— TASK —
The task for the listing below is to write out exactly the lines starting at the one containing "Fig. 1. Porta" and ending at the one containing "A exposição Apócrifos", both included. Pictures are to be omitted.

— SUPPLIED RECORDS —
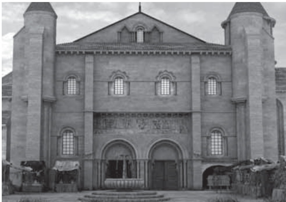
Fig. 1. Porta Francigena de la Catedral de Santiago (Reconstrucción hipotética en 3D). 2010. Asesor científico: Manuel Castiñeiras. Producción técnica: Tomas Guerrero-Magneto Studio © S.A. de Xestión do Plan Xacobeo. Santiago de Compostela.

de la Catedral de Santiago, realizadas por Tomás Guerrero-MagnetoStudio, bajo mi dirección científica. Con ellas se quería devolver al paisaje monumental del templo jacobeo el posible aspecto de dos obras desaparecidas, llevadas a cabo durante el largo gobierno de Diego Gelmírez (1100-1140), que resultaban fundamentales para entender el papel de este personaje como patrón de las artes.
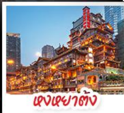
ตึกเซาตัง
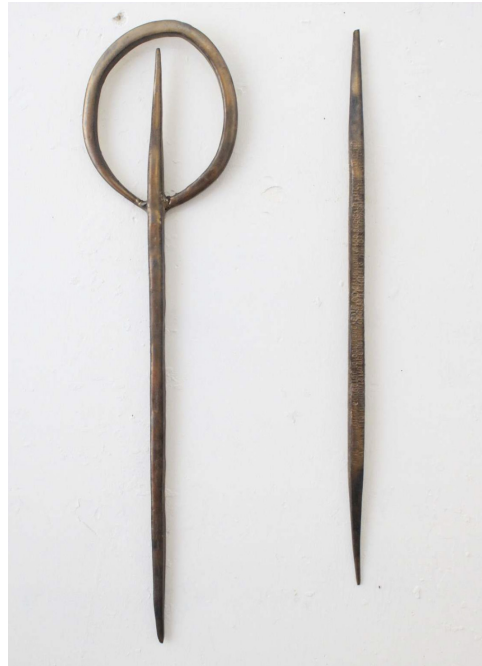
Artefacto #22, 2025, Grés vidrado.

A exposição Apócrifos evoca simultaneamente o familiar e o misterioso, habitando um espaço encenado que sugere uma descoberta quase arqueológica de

==

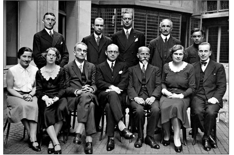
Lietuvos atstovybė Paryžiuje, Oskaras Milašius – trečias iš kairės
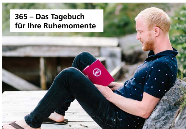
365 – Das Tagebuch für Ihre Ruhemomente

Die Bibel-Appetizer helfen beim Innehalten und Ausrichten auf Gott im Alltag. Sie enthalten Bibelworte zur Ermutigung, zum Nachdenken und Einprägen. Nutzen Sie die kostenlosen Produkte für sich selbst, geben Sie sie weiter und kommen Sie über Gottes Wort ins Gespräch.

...

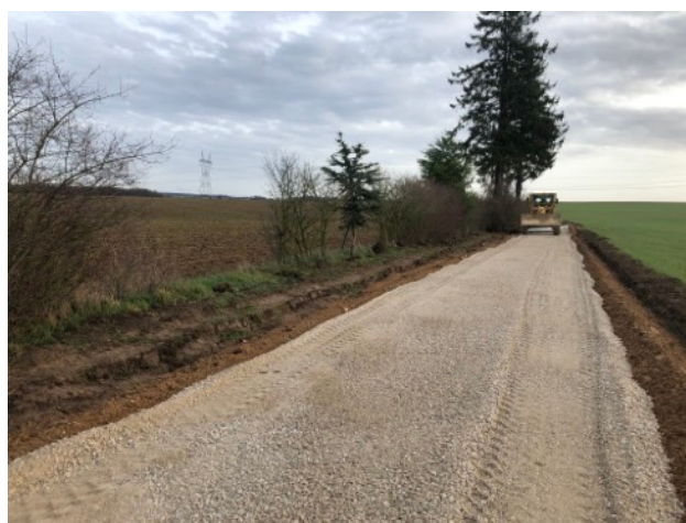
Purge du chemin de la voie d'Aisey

— SOLUTION —
Fig. 1. Porta Francigena de la Catedral de Santiago (Reconstrucción hipotética en 3D). 2010. Asesor científico: Manuel Castiñeiras. Producción técnica: Tomas Guerrero-Magneto Studio © S.A. de Xestión do Plan Xacobeo. Santiago de Compostela.

de la Catedral de Santiago, realizadas por Tomás Guerrero-MagnetoStudio, bajo mi dirección científica. Con ellas se quería devolver al paisaje monumental del templo jacobeo el posible aspecto de dos obras desaparecidas, llevadas a cabo durante el largo gobierno de Diego Gelmírez (1100-1140), que resultaban fundamentales para entender el papel de este personaje como patrón de las artes.
ตึกเซาตัง
Artefacto #22, 2025, Grés vidrado.

A exposição Apócrifos evoca simultaneamente o familiar e o misterioso, habitando um espaço encenado que sugere uma descoberta quase arqueológica de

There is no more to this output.